Table 2. Core Samples Specifications Core No.

Dry weight, g

Length, mm

Diameter, mm

Porosity

EF_1

125.4418

38.1

50.8

7.50%

EF_2

123.2952

37.9

50.7

7.23%

EF_3

124.4882

38.3

50.4

7.65%

2.2. Experimental Apparatus. The experimental work included oil component analysis, core sample microstructure exploration, shale core plug saturation with Wolfcamp dead oil, shale core plug saturation with both water (15 wt% KCl) and Wolfcamp dead oil, and CO2 huff-n-puff injection. The experimental setup used in this work were designed and modified based on previous studies.35 The dead oil component analysis system mainly consists of the Thermo Scientific Trace Ultra Gas Chromatograph and Weight/Quadruple ISQ Mass Spectrometer (GC/MS). The produced chromatogram was analyzed by Xcalibur software from Thermo Scientific.
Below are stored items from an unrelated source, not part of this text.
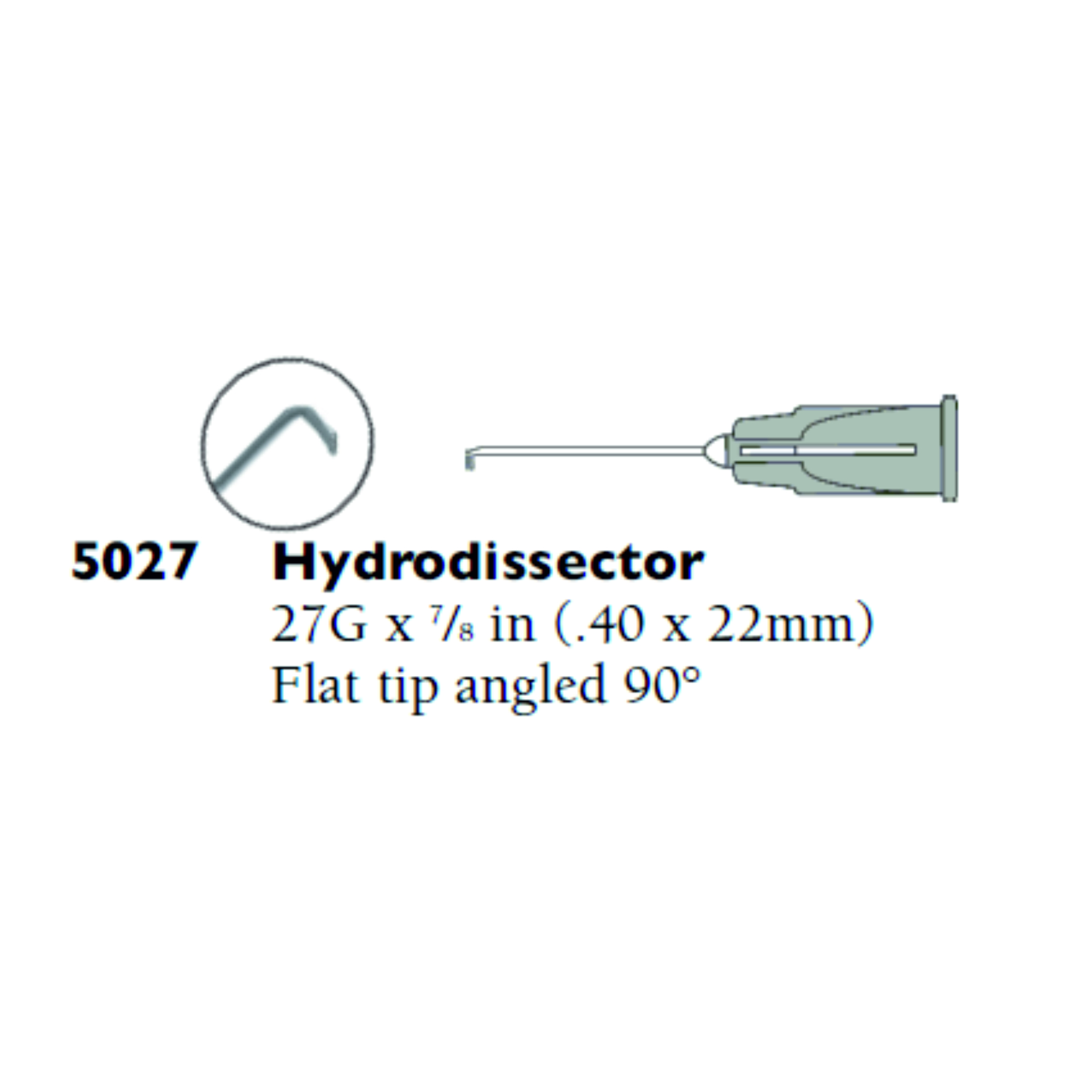 Cánula recta de 27G con el extremo angulado 90°. Punta plana en horizontal. Sistema de conexión Luer-lock. De un solo uso.
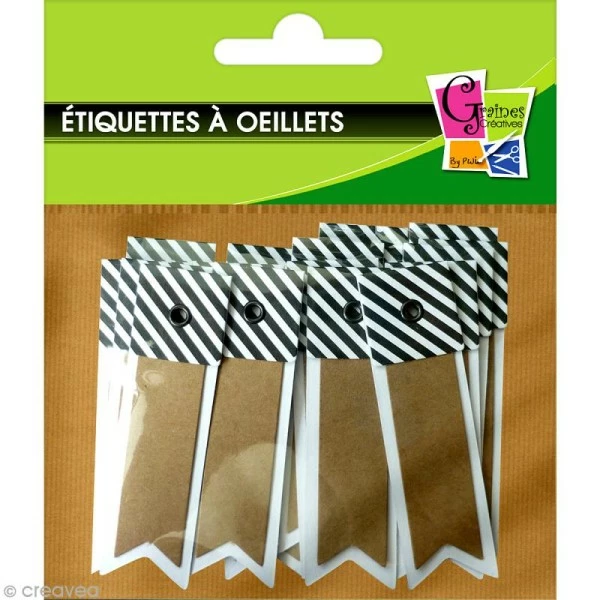 Lot de 20 étiquettes à Rayures en papier kraft et papier blanc en forme de fanion. Elles font 2 x 7 cm et sont munies d’un oeillet noir de 2,5 mm de diamètre. Elles seront parfaites pour décorer vos paquets cadeaux.
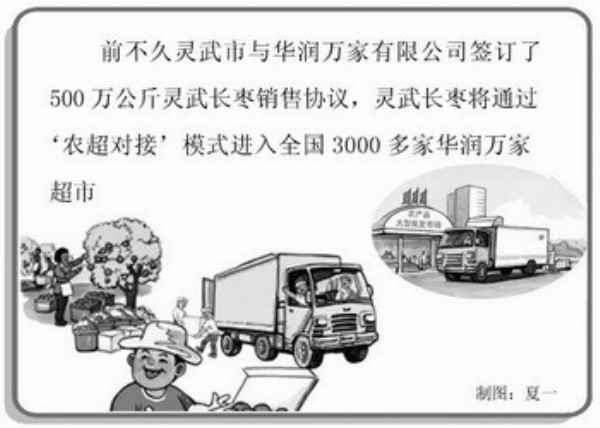 “好酒也怕巷子深!我们与华润万家对接出于两点考虑。”灵武市市长陈淑慧说,“一是如何将长枣这样的好东西卖出好价钱,二是占领高端市场如何实现规模销售。‘农超对接’让我们实现一举两得!”目前,灵武市已按华润万家公司要求建成了一条贯穿市境南北百公里长的经济林绿色长廊,精心打造东塔镇马场湖、临河镇红柳湾、狼皮子梁、大泉林场、灵武园艺场5个千亩以上的国家标准化长枣生产基地和10个百亩精品示范园区;今年完成了1500亩灵武长枣的抚育管护;完成大规格长枣育苗2100亩,完成嫁接苗木400万株,播种酸枣2300亩;建成年贮藏量5000吨气调冷藏库、年产1万吨枣汁生产线;今年将继续加大宣传力度,实现灵武长枣外包装统一,形成了灵武长枣质量与品牌防伪系统。

The experimental flow for shale core saturation with both oil and water is shown in Figure 3. This setup mainly consists of a vacuum pump, a saturation vessel, an accumulator, a pressure gauge and Quizix QX pump. The Quizix QX pump is a syringe pump with two cylinders, and it can pump fluids continuously. An accumulator with piston cooperating with the QX pump pushes crude oil to the core container and maintains a high saturation pressure at the same time. The piston separates the accumulator into two separately sides: water and oil. A pedestal is placed under the core plug to ensure that the saturation fluid can be infused into the core plug from all sides of the core. The schematic of the CO2 huff-n-puff setup is shown in Figure 4. The setup mainly consists of a syringe pump, a temperature controlled oven, and a pressure vessel. A pressure gauge was placed directly on the top of the stainless huff-n-puff vessel to monitor the pressure during injection stage, soaking period and pressure depletion time. The syringe pump is used as a pressure boost to increase the injected gas pressure to the designed pressure. As CO2 was able to move freely around the sample rather than being forced through the sample (in contrast to a conventional coreflooding experiment), the core huff-n-puff process was designed to be a bath experiment. The core sample was put in the center of the huff-n-puff vessel and injected gas could move freely during the huff-n-puff process.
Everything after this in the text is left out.